Bu durum yalnızca Urfa'ya mı mahsustur bilmiyorum amma; "Efendim, Antep'te 30 aday adayı varmış, bizde 300 aday adayı…" şehir efsanesi dolaşıyor dillerde… Başbakanla bir el sıkışmışsınız diye adaylığı garantilemiş gözüyle bakarsa insan kendi kendine;  300 aday adayı bence Urfa'ya azdır gelin bunun yanına bir sıfır daha atalım kaliteyi(!) yükseltmiş olalım.

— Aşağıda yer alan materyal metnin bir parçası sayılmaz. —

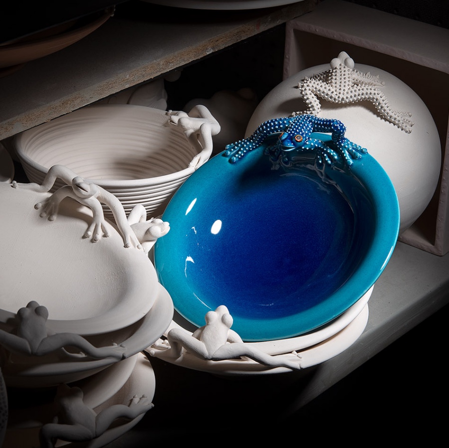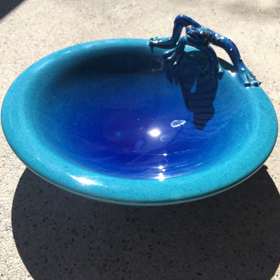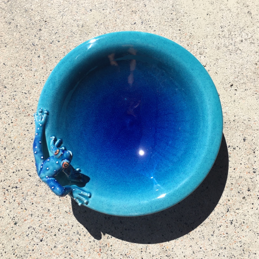 bowl: d 21 cm, h 5 cm frog 12 x 5 cm, h 3 cm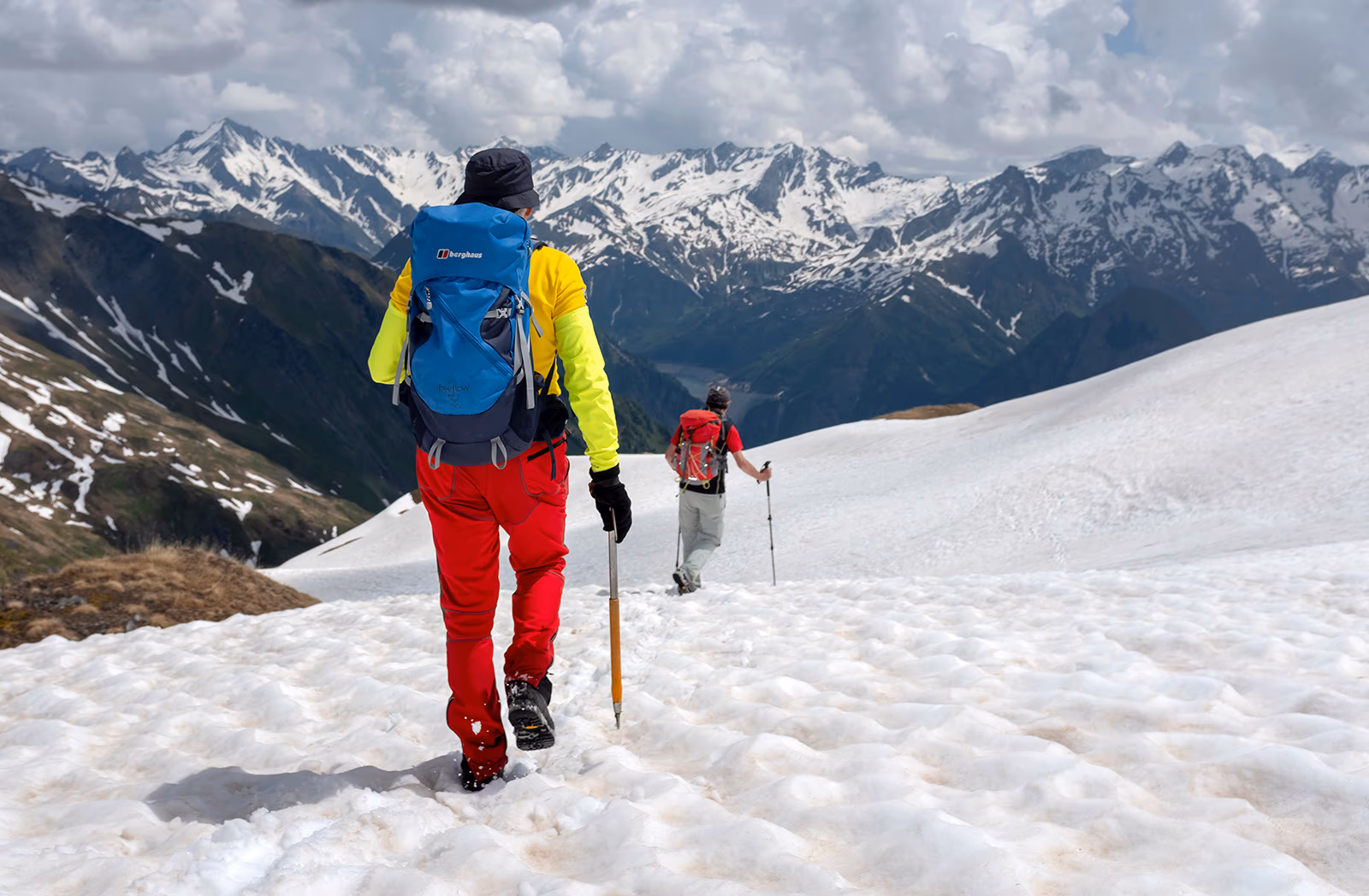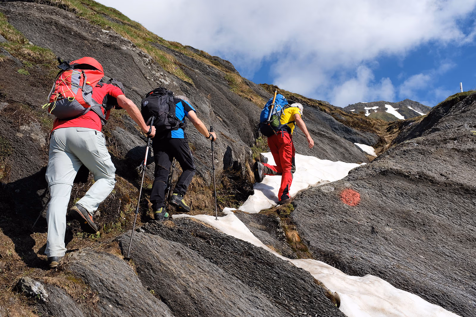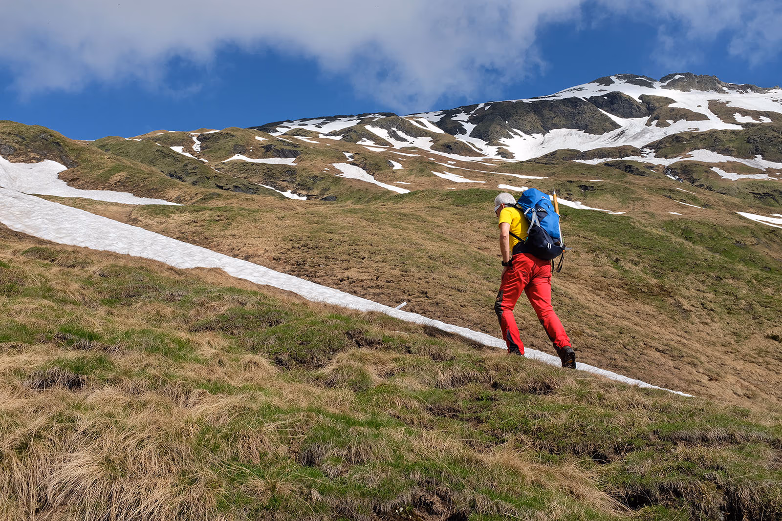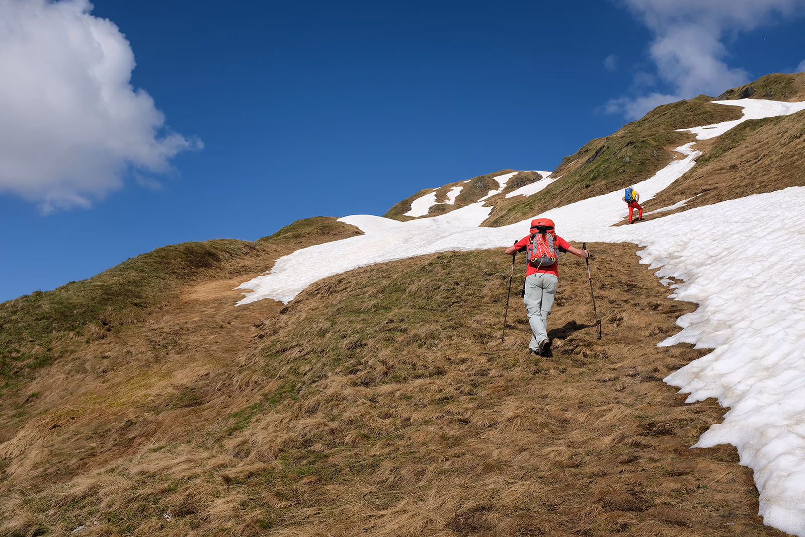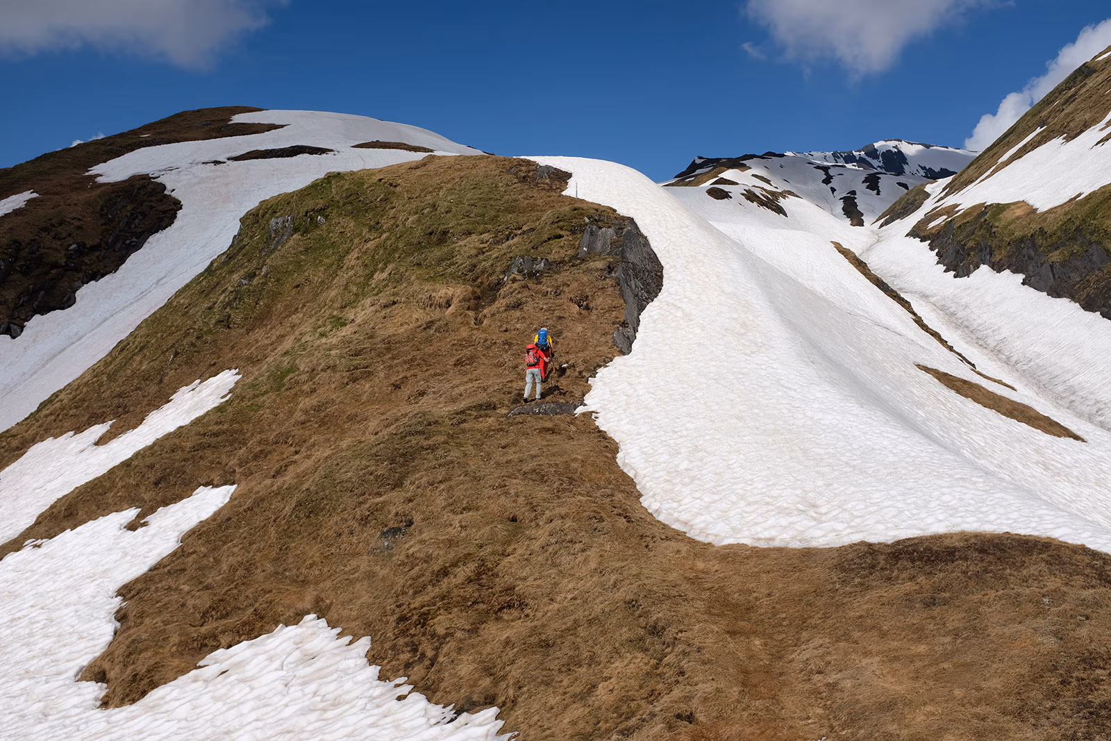 Qui lasciamo il sentiero e pieghiamo a WNW per seguire una labile traccia che punta alla quota 2466 riportata su https://map.geo.admin.ch. Fortunatamente si viene aiutati da radi paletti con l’estremità colorate da sbiadite strisce bianche e rosse. In pratica stiamo seguendo il sentiero che porta al Pass Casatcha lungo la Val d’Inferno. Cominciamo a camminare su belle lingue di neve spessa e, fortunatamente, compatta lungo la cresta di un dosso fino alla quota di circa 2550 m.

Çünkü; " ne kadar aday adayı çoksa o kadar güçlü" olmanın verdiği bir durummuş diye polyana yapıyorlar ileri gelenlerimiz(!)

Bir yılı bile doldurmayan parti yöneticiliği olan, daha doğru düzgün bir seçim atlatmadan sicilinde büyük bir yerel seçim yenilgisi taşıyan başkan ve yönetim kurulu üyeleri eğer sabırsızca seçilmenin şehvetine kapılıp topluca istifa kervanına katılabiliyorsa buna organize işler denilir ya da "çok güzel hareketler bunlar" diyebilirim…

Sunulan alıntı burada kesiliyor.